They were nearing the Red Demesnes by nightfall. Stile considered where they might camp, since he did not want to engage his enemy by night. There were too many imponderables. He could conjure a suitable shelter, but hesitated to employ his magic here. The Red Adept might be alert to magic in the vicinity, and he wanted his arrival to be as much of a surprise as possible.

But Neysa was already zeroing in on a location. She drew up before a large cave and blew a note. Bats sailed out of it to swirl around the visitors. Then they dropped to the ground and converted to men and women. “The vampires!” Stile exclaimed. “I didn’t realize they lived here!” But obviously Neysa had known; that was another reason he needed her along.

One came forward. It was Vodlevile, the one who had come to Stile during the Unolympics. “Adept! How goes my friend Hulk?”

Wrong question! “Alas, he was murdered in Proton-frame,” Stile said. “I seek vengeance of the Red Adept.”

“Dead?” the vampire asked, shocked. “But I met him only so recently! He was the nicest ogre I knew!”

“He was that,” Stile agreed. “Red killed him, in lieu of me.”

Vodlevile frowned. Now the cutting edges of his teeth showed. “We have ever lived at peace with Red. She never helped us, but hindered us not. I dared not make petition to her for a charm for my son, for fear she would simply claim my son. We hold Adepts in low esteem. Thou art the first who helped. And Yellow, because of thee.” He lifted his hand, and a small bat fluttered down to be caught. “My son,” Vodlevile said proudly.

Stile nodded. “I was glad to do it. May we camp here the night?”

“Indeed. Our resources are at thy disposal. Dost thou wish to join our evening repast?”

“I think not, meaning no offense. Thy ways are not mine, and this is my wedding night, which I must spend alone. Also, I would not wish to cause thy kind trouble with the Adept, should she survive me; best that it be not known I dallied here.”

“Thy wedding night—alone! Thou’rt correct—our ways are not thine! We shall honor thy desire to be alone, and shall see that none intrude on thee.”

So it was that Stile found himself ensconced in a warm cave guarded by bloodthirsty bats. He certainly felt secure here; very few creatures would even attempt to intrude, for fear the vampires would suck their blood. Neysa brought him some fruit she found, then went outside to graze. She slept while grazing at night; Stile had never quite figured out how she did that, but was used to it by now.

Before he slept, feeling extraordinarily lonely. Stile looked up to spy a small bat fluttering in. There was a manner of skulking about it. It converted to a lad about six years old. “Adept, I am not supposed to bother thee—but can I talk a moment?” the boy asked hesitantly.

“Thou’rt the one the potion helped,” Stile said, making an educated guess. “Welcome; I am glad to converse with thee.”

The lad smiled gratefully. “My father would cut off my blood, if he knew I bothered thee. Please don’t tell him.”

“Not a word,” Stile agreed. Children did not take adult rules as seriously as they took the prospect of punishment. “I’m glad to see thee flying.”

“It was Yellow’s potion, but thy behest, my father says. I owe thee—“

“Nothing,” Stile said quickly. “Thy father repaid any favor that might have been owing. He helped me match the unicorn Herd Stallion.”

“Yet thou didst lose, he says,” the lad insisted. “His help was not enough.”

“My skill was not enough,” Stile said. “All I wanted was a fair match, with shame on neither party. That I had. The unicorn was the better creature.”

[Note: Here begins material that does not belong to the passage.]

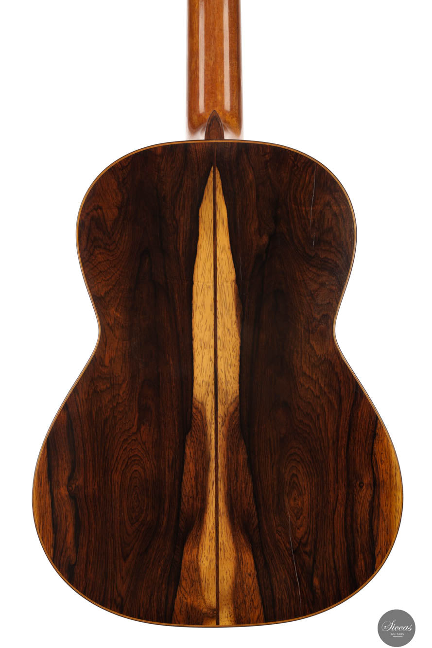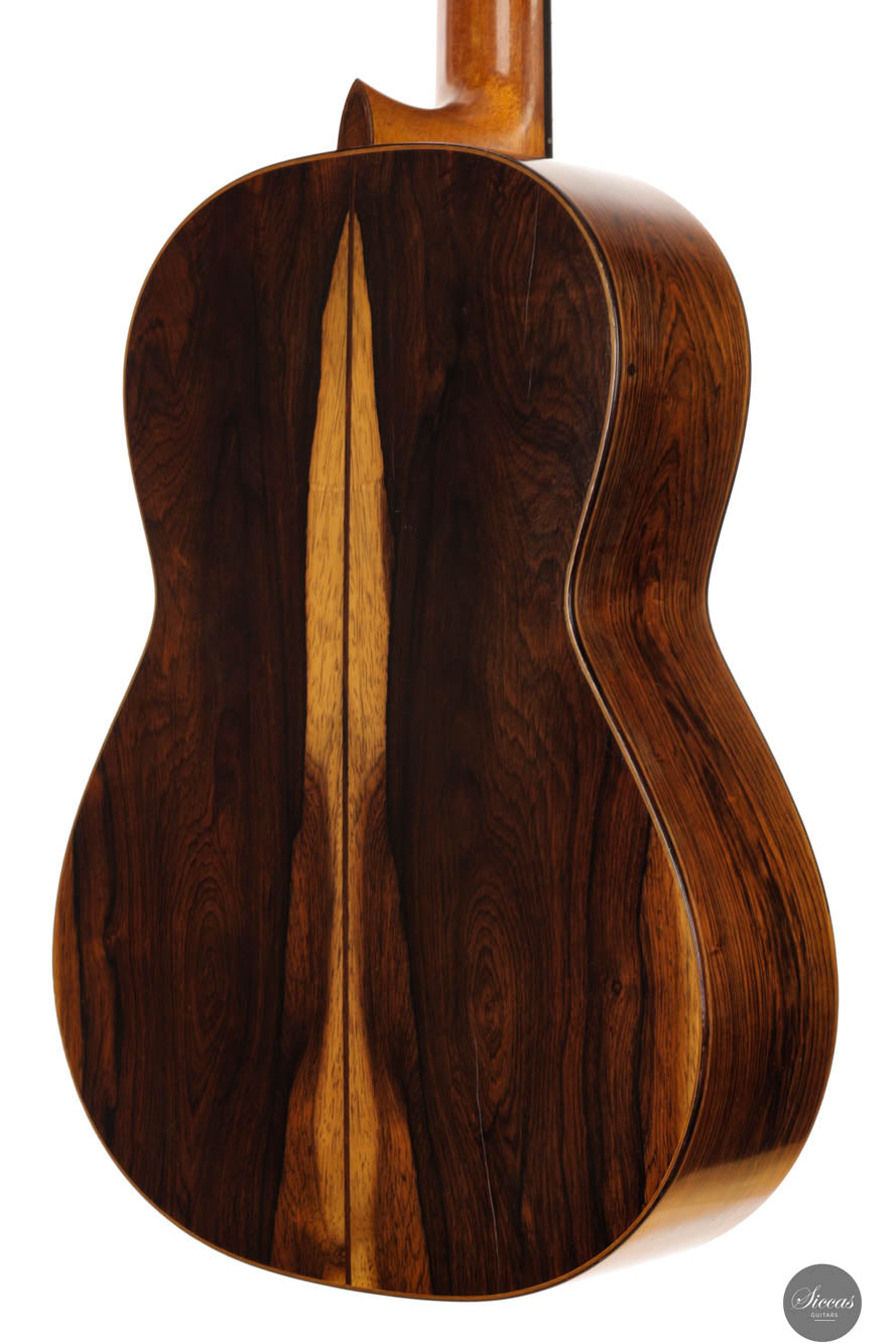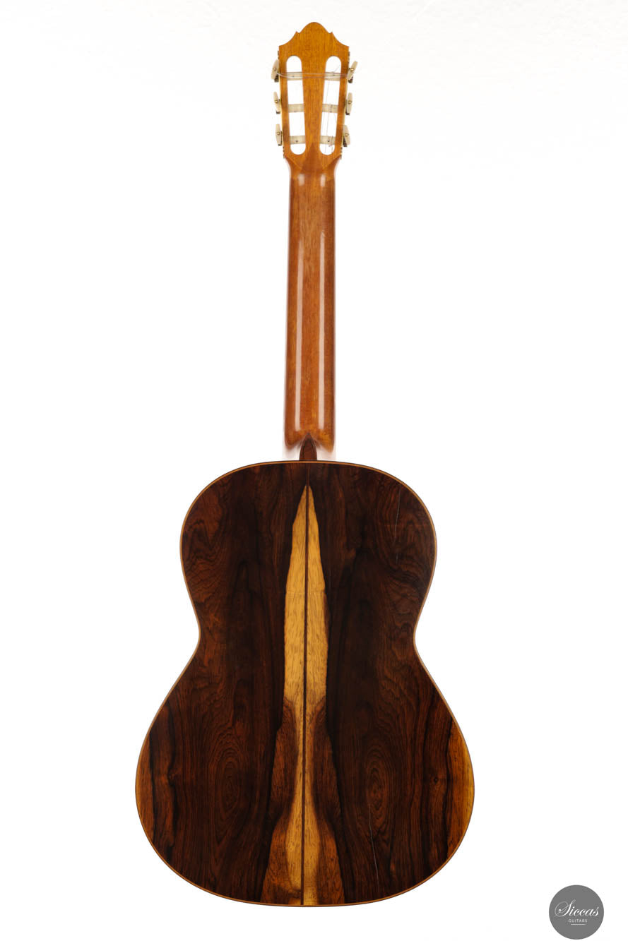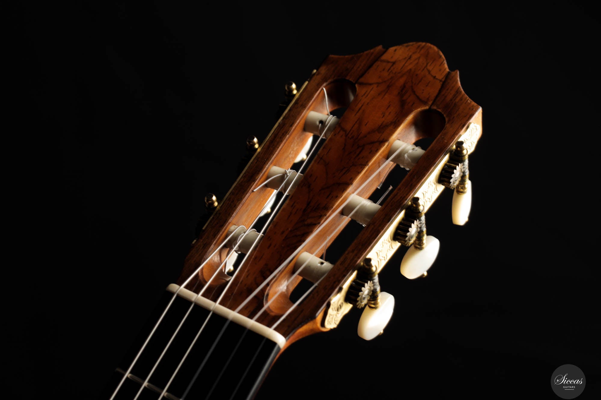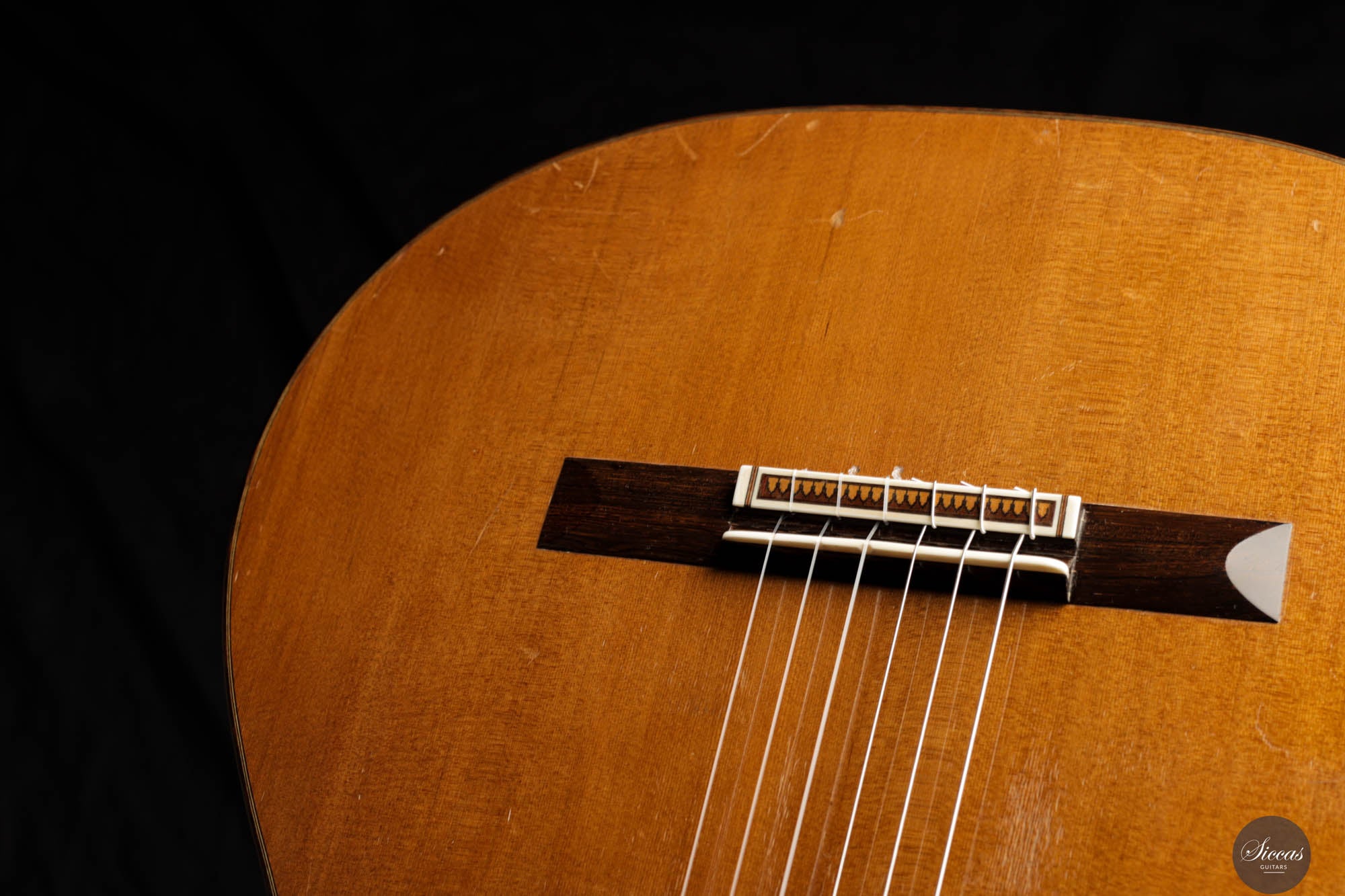 Matthias Dammann is an extraordinary German luthier, precursor, and pioneer of double-top guitars. He always led a lot of research, studying the sound of guitars from the past, such as Antonio de Torres’ ones, and patenting his innovations. He brought many positive changes in the guitar conception of the end of the twentieth century. His wooden “sandwich double-tops” and later his Nomex double-tops are incredibly light. They give the guitar an immediate response, outstanding volume, and blissful playability. The guitarists’ reaction to Matthias Dammann’s guitars was immediate, and performers such as David Russell, Manuel Barrueco, the Beijin Guitar Duo, etc., have been playing and recording on them for a long time.The 1992 Matthias Dammann Solid Top guitar exemplifies the exquisite craftsmanship and attention to detail that have made Matthias Dammann a revered name in the world of luthiery. Known primarily for his revolutionary advancements in double-top guitar construction, Dammann’s earlier works, such as this solid-top model, are equally commendable and showcase his profound mastery over traditional guitar-making techniques. This particular guitar, with its cedar solid top, is a masterpiece that stands as a tribute to Dammann’s meticulous and passionate approach to guitar building. It offers even tonality, enchanting charm, and impressive volume, which, combined with its outstanding playability, makes it an exceptional instrument. The soundboard, a crucial element in defining the guitar’s voice, has been expertly tuned, demonstrating Dammann’s deep understanding of acoustic science and his commitment to achieving the perfect sound.
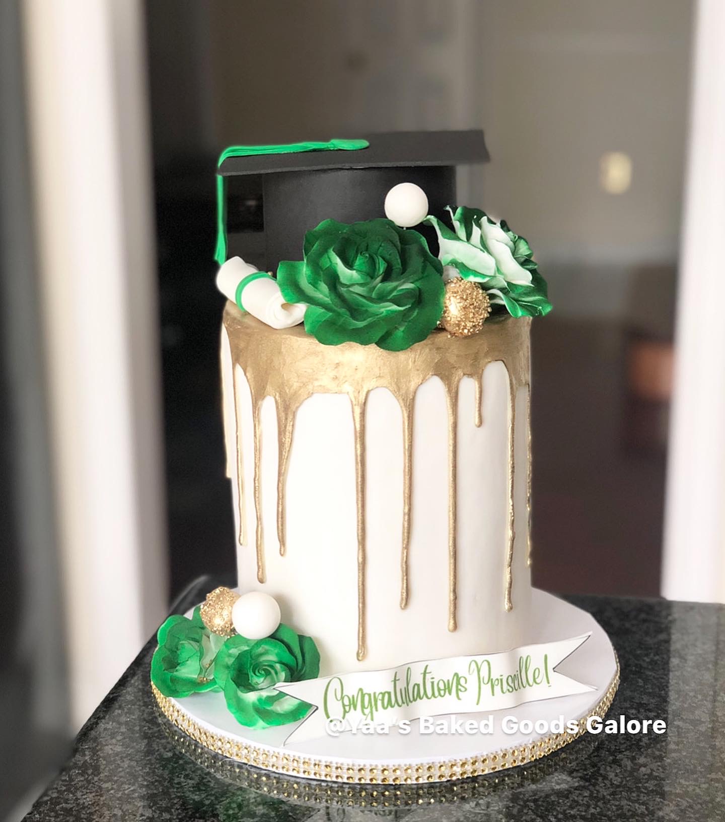 6” Vanilla graduation themed fondant drip cake with gumpaste flowers

The lad had some trouble grasping this. “In a pig’s eye—my father says. He says thou dost give away more than can ever be repaid, and dost gain more than can ever be reckoned thereby. Does that make sense?”

“None at all,” Stile said cheerfully.

“Anyway, methinks I owe thee, for that thou madest my life complete. Yet I know not what favor I can do thee.”

“Thou dost need do none!” Stile insisted. Then he saw that the lad was near tears. The vampire child was serious, and wanted to repay his debt as he perceived it.

“Uh, unless—“ Stile thought fast. “There is much I do not know, yet I am most curious about things. Canst thou keep an eye or an ear out for what might be of use to me, and tell me when thou findest it? Perhaps a sick animal I might heal, or something pretty I might fetch for my Lady.” Stile smiled reminiscently, and a little sadly. “Fain would I give my love something nice.”

The lad’s eyes brightened, and his little bloodsucking tusks showed cutely. “I’ll look, Adept!” he exclaimed happily. “Something important, something nice!” He changed to bat-form and zoomed from the cave.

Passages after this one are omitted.